Print the entries in full, word for word, but not the pictures.

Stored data
[Start of section]
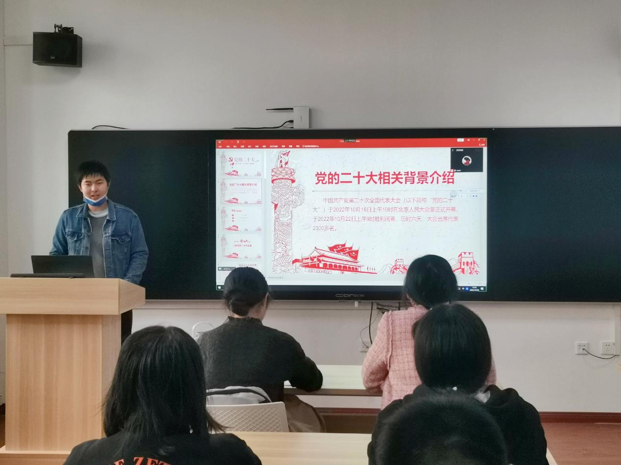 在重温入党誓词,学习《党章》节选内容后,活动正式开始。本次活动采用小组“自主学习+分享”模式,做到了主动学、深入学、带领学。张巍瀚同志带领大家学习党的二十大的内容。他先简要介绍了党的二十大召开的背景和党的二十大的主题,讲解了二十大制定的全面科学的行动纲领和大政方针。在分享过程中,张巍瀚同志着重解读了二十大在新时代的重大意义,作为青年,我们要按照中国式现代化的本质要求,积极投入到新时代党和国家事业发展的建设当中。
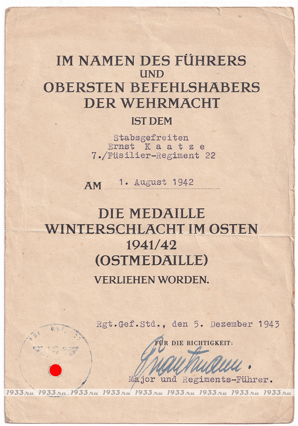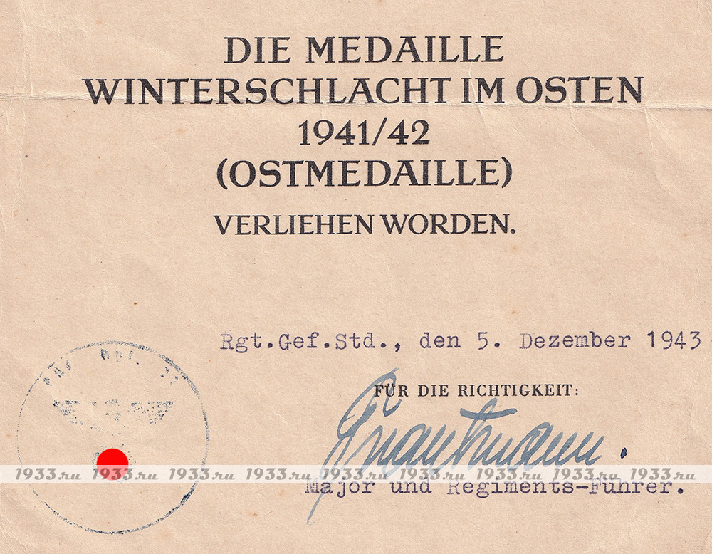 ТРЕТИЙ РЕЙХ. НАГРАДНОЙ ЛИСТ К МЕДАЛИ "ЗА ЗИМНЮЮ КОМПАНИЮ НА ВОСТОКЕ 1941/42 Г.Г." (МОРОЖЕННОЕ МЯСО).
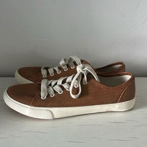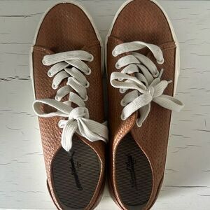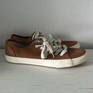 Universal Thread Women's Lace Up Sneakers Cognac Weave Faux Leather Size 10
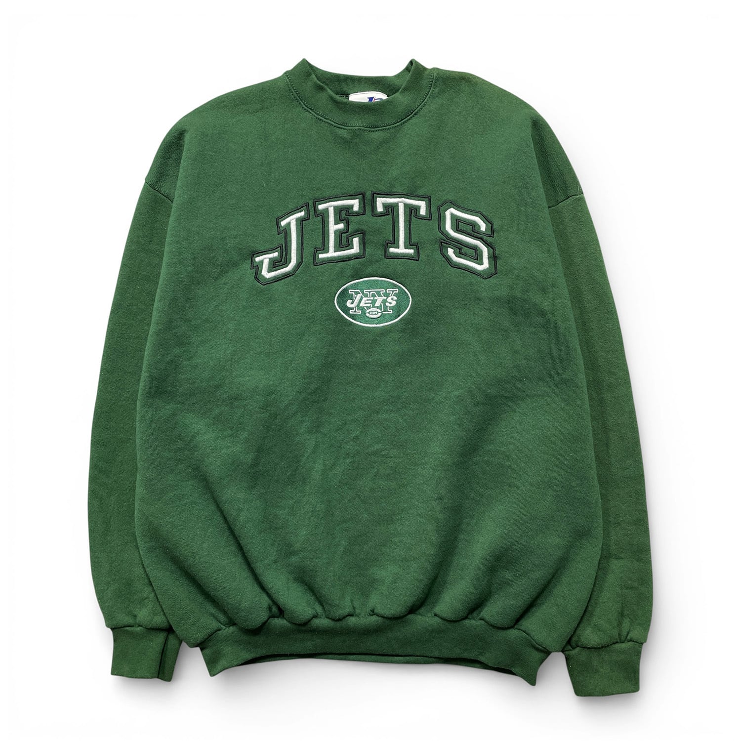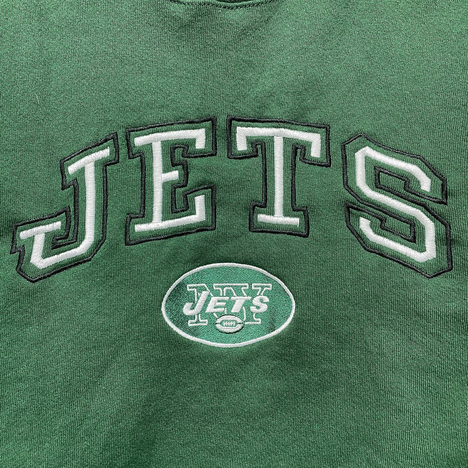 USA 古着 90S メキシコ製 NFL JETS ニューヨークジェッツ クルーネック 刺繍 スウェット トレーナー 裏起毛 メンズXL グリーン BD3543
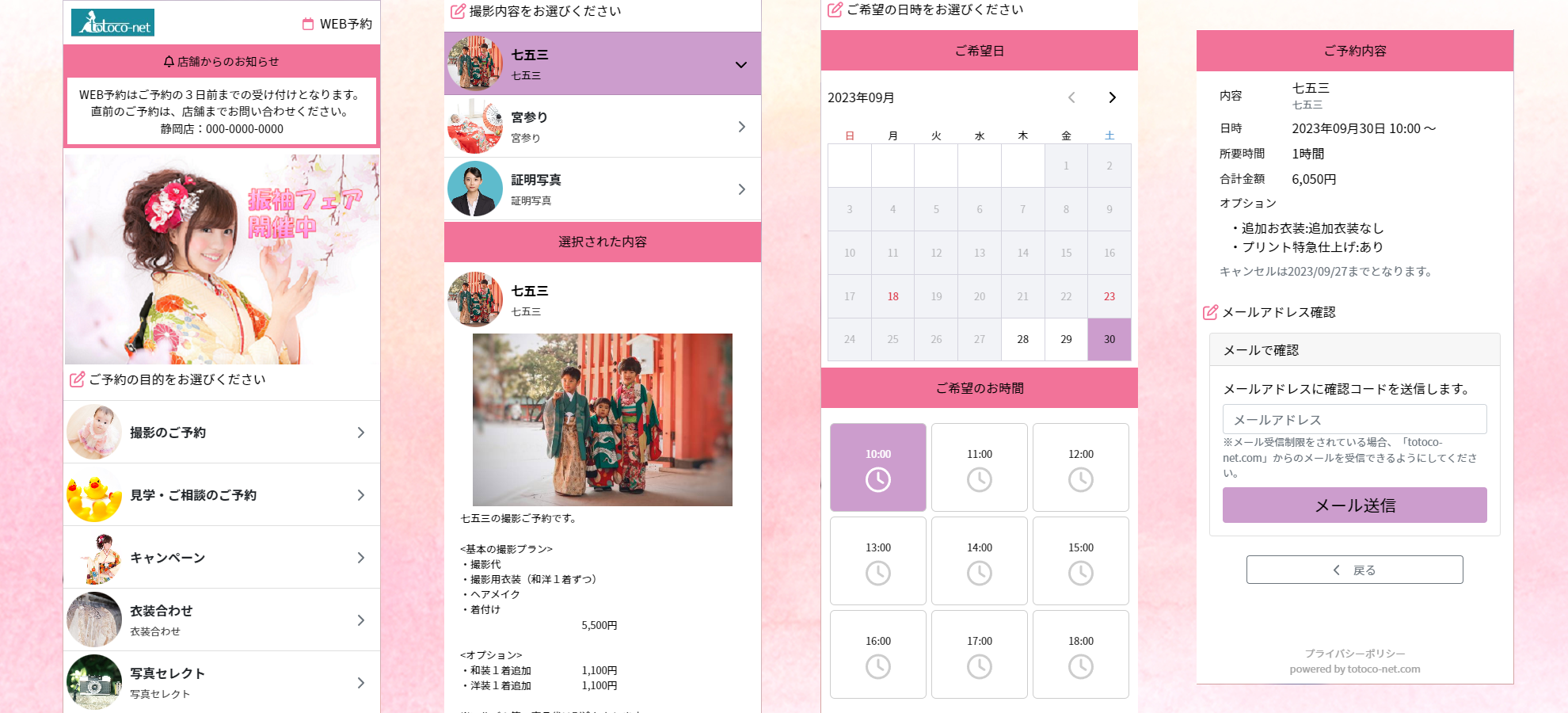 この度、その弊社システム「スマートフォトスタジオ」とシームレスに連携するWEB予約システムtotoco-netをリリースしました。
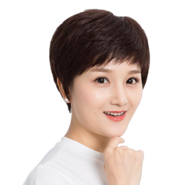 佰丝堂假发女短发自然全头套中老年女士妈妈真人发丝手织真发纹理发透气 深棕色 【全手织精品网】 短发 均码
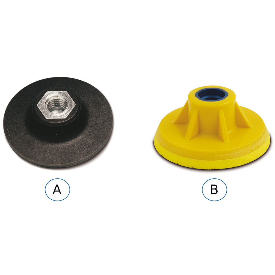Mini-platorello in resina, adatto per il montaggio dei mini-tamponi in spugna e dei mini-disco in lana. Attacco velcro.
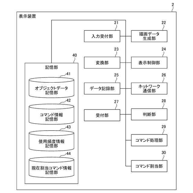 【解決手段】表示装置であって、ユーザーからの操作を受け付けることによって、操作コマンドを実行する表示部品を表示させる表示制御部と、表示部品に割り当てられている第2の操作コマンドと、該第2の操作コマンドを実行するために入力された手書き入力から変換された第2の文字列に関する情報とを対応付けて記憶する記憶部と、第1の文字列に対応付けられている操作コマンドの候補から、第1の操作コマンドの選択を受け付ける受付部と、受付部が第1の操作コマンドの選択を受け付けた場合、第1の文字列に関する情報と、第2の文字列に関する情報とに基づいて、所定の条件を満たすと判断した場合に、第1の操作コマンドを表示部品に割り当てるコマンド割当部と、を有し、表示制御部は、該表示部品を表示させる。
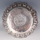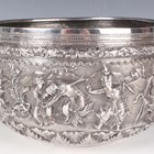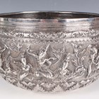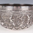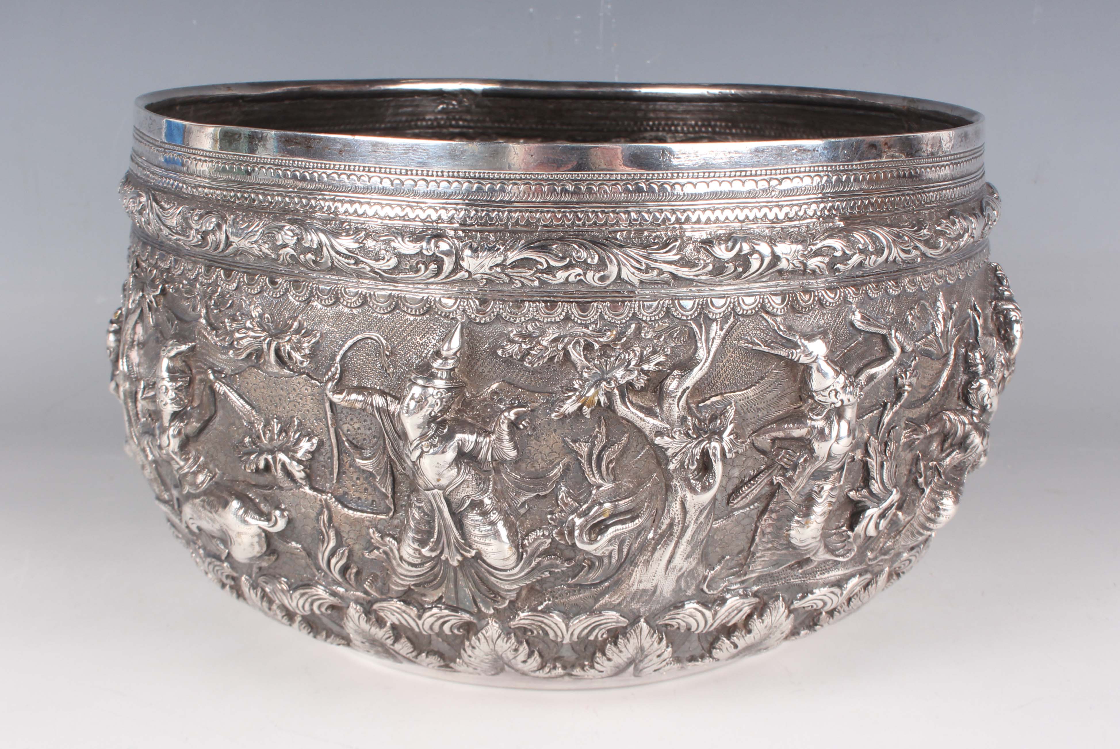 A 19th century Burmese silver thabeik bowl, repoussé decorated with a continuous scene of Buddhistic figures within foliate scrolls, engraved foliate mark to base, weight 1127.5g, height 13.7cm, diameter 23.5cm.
[End of section]
■ **RESPONSE**
 在重温入党誓词,学习《党章》节选内容后,活动正式开始。本次活动采用小组“自主学习+分享”模式,做到了主动学、深入学、带领学。张巍瀚同志带领大家学习党的二十大的内容。他先简要介绍了党的二十大召开的背景和党的二十大的主题,讲解了二十大制定的全面科学的行动纲领和大政方针。在分享过程中,张巍瀚同志着重解读了二十大在新时代的重大意义,作为青年,我们要按照中国式现代化的本质要求,积极投入到新时代党和国家事业发展的建设当中。
 ТРЕТИЙ РЕЙХ. НАГРАДНОЙ ЛИСТ К МЕДАЛИ "ЗА ЗИМНЮЮ КОМПАНИЮ НА ВОСТОКЕ 1941/42 Г.Г." (МОРОЖЕННОЕ МЯСО).
 Universal Thread Women's Lace Up Sneakers Cognac Weave Faux Leather Size 10
 USA 古着 90S メキシコ製 NFL JETS ニューヨークジェッツ クルーネック 刺繍 スウェット トレーナー 裏起毛 メンズXL グリーン BD3543
 この度、その弊社システム「スマートフォトスタジオ」とシームレスに連携するWEB予約システムtotoco-netをリリースしました。
 佰丝堂假发女短发自然全头套中老年女士妈妈真人发丝手织真发纹理发透气 深棕色 【全手织精品网】 短发 均码
Mini-platorello in resina, adatto per il montaggio dei mini-tamponi in spugna e dei mini-disco in lana. Attacco velcro.
 【解決手段】表示装置であって、ユーザーからの操作を受け付けることによって、操作コマンドを実行する表示部品を表示させる表示制御部と、表示部品に割り当てられている第2の操作コマンドと、該第2の操作コマンドを実行するために入力された手書き入力から変換された第2の文字列に関する情報とを対応付けて記憶する記憶部と、第1の文字列に対応付けられている操作コマンドの候補から、第1の操作コマンドの選択を受け付ける受付部と、受付部が第1の操作コマンドの選択を受け付けた場合、第1の文字列に関する情報と、第2の文字列に関する情報とに基づいて、所定の条件を満たすと判断した場合に、第1の操作コマンドを表示部品に割り当てるコマンド割当部と、を有し、表示制御部は、該表示部品を表示させる。
 A 19th century Burmese silver thabeik bowl, repoussé decorated with a continuous scene of Buddhistic figures within foliate scrolls, engraved foliate mark to base, weight 1127.5g, height 13.7cm, diameter 23.5cm.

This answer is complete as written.